12 ans d'annales du concours Contrôleur DGFIP : ce que 634 QCM révèlent (2013-2024)
Ce que vraiment demandait le concours de Contrôleur des Finances Publiques, personne ne l'avait mesuré. Nous avons pris les 12 années d'annales officielles publiées par la DGFIP (2013 à 2024), extrait chaque question du QCM de pré-admissibilité, et classé les 634 questions obtenues dans 27 thèmes distincts. Résultat : le concours des finances publiques ne testait presque pas la fiscalité, l'orthographe écrasait tout côté français, et deux tiers des candidats préparaient probablement les mauvais sujets.
1,6 %
C'est la part des questions portant sur les finances publiques et la fiscalité dans 12 ans de QCM du concours Contrôleur DGFIP. Sur les 634 questions analysées, seulement 10 concernent l'impôt, la TVA, la dette publique ou le budget de l'État. À titre de comparaison, la culture littéraire pèse 6,6 %.
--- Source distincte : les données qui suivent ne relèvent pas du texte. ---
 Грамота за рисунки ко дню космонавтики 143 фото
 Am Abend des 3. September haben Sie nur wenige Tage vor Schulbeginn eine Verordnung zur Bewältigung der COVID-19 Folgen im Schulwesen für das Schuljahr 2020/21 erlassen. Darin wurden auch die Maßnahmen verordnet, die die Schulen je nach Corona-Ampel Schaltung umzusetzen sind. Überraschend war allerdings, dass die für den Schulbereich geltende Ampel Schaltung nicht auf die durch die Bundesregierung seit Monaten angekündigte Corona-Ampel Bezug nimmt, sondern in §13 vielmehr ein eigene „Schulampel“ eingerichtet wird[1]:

Note importante. Le QCM de pré-admissibilité a été supprimé par la réforme 2026. Cette étude reste néanmoins utile aux candidats des autres concours de catégorie B et C organisés sur un format QCM similaire (Adjoint administratif, Agent DGFIP, Contrôleur des douanes, Gardien de la paix…), et documente un pan désormais clos de l'histoire de la sélection administrative française.
Ce que nous avons fait
Nous avons téléchargé sur le site officiel de la DGFIP les 12 annales de l'épreuve de pré-admissibilité (2013 à 2024). Chaque annale comprend 54 questions, réparties en quatre sections officielles :
- Connaissances générales (~17 questions par année)
- Français (~13 questions)
- Mathématiques (~16 questions)
- Raisonnement (~8 questions)
Après extraction du texte (les annales 2013, 2014, 2023 et 2024 étant des PDF scannés, nous les avons passées à la reconnaissance optique de caractères en français), nous avons obtenu 634 questions uniques exploitables. Les quelques questions perdues correspondent à des artefacts de fusion OCR (Q9-Q10 concaténées, par exemple) et représentent moins de 2 % du total ; elles n'altèrent pas les distributions à ce niveau de granularité.
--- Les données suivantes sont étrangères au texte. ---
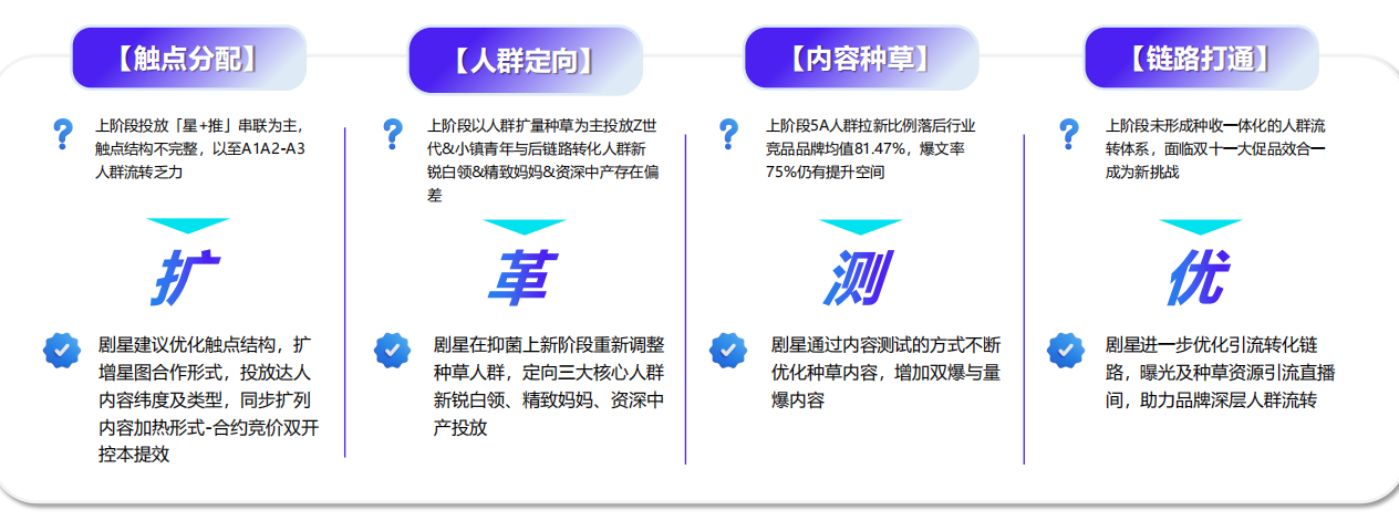链路提效:完善触点结构,打通认知 — 种草 — 搜索 — 转化全链路。

Chaque question a ensuite été classée manuellement dans 27 thèmes répartis en 4 sections. Le classement suit strictement l'énoncé de la question — pas les choix, pas la difficulté, pas la présence dans le programme officiel : uniquement la matière testée.
Les 4 sections : la répartition macroscopique
Sur 12 ans, la ventilation entre les quatre grandes sections est remarquablement stable. Les Connaissances générales représentent le premier bloc, suivies de très près par les Mathématiques et le Français, presque à égalité.
Autrement dit : un candidat qui néglige les Connaissances générales rate près d'un tiers du QCM. C'est la plus grosse section — et c'est aussi celle où le champ à couvrir est le plus vaste, ce qui la rend paradoxalement la plus difficile à préparer efficacement. Voyons dans quels thèmes ces questions se répartissent.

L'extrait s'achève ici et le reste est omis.